§ Problem requirements
Below are the entries to work from; restate word for word the portion that opens with the line containing "Пируэт, народный цирк" and closes with the line containing "三、支持将企微或者个微的二维码放在公众号推文里,长按推文里的二维码识别跳转", keeping both.

§ Records provided

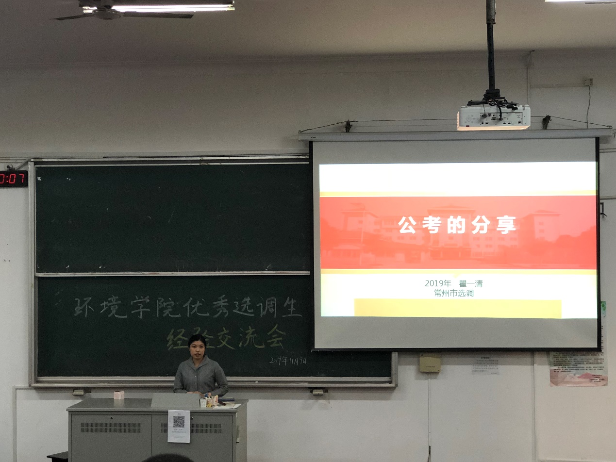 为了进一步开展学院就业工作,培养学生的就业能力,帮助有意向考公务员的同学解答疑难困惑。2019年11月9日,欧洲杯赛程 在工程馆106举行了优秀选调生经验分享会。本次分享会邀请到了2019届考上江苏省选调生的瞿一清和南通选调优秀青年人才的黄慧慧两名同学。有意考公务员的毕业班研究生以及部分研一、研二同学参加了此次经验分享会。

...

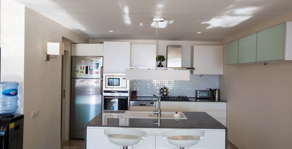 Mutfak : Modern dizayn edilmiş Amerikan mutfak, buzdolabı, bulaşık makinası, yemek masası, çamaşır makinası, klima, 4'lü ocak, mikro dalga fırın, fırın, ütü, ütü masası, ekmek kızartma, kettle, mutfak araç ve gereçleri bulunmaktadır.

...

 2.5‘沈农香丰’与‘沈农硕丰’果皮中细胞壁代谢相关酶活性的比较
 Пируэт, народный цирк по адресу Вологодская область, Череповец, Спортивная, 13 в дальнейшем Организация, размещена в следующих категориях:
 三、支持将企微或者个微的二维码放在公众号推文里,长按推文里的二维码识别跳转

§ Written response
 Пируэт, народный цирк по адресу Вологодская область, Череповец, Спортивная, 13 в дальнейшем Организация, размещена в следующих категориях:
 三、支持将企微或者个微的二维码放在公众号推文里,长按推文里的二维码识别跳转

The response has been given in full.